Boris Johnson faces legal challenge over backing Patel’s bullying claims

London: The UK government faces a legal challenge to Boris Johnson’s decision to back Priti Patel over bullying allegations. Alex Allan, independent advisor on the ministerial code to Johnson had resigned last year after the prime minister chose not to act on a critical report about Patel. 

The FDA union, which represents senior civil servants, has bought a judicial review of PM Johnson’s decision, probing the legal status of the ministerial code. The matter will now be heard at the Royal Courts next week. 

A Cabinet Office investigation had cited instances in which Patel had shouted and sworn at staff. Allan found that Patel had displayed “behavior that can be described as bullying” and that she had “not consistently met the high standards expected of her.” Allan’s report suggested that she had breached the ministerial code, even if unintentionally. 

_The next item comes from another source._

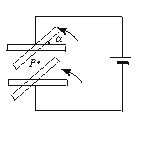 如图所示,两平行金属板水平放置并接到电源上,一个带电微粒P位于两板间,恰好平衡.现用外力将P固定住,然后固定导线各接点,使两板均转过α角,如图虚线所示,再撤去外力,则P在两板间 ( ).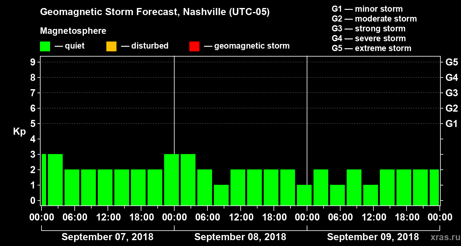 Geomagnetic storm forecast in Nashville for Sep 07, 2018

Johnson decided she had not breached the code. 

“The prime minister’s decision, which reflected the home secretary’s assertion that her actions were unintentional, also potentially allows ministers to avoid the consequences of their behavior in future by pleading that it should be the intent of their actions which is important, not the consequences,” Dave Penman, the secretary-general of FDA said. 

Decisions on whether MPs and ministers have breached their code of conduct in the UK are taken by the cross-party committee for standards that report it to the House of Commons. But the prime minister is the ultimate arbiter of whether the ministerial code has been broken – and Johnson chose to override Allan’s findings in Patel’s case. 

Patel reportedly reached a six-figure settlement with the former permanent secretary of her department, Sir Philip Rutnam, after claiming that he was forced out of his job for intervening in her alleged bullying. He had threatened to take the home secretary Patel to an employment tribunal hearing while she has consistently denied those claims and rejected allegations of bullying. 

The report from the independent committee on standards in Public Life, published last week, urged the government to strengthen the powers of the independent advisor on ministers’ interests – currently Lord Geidt, who succeeded Allan.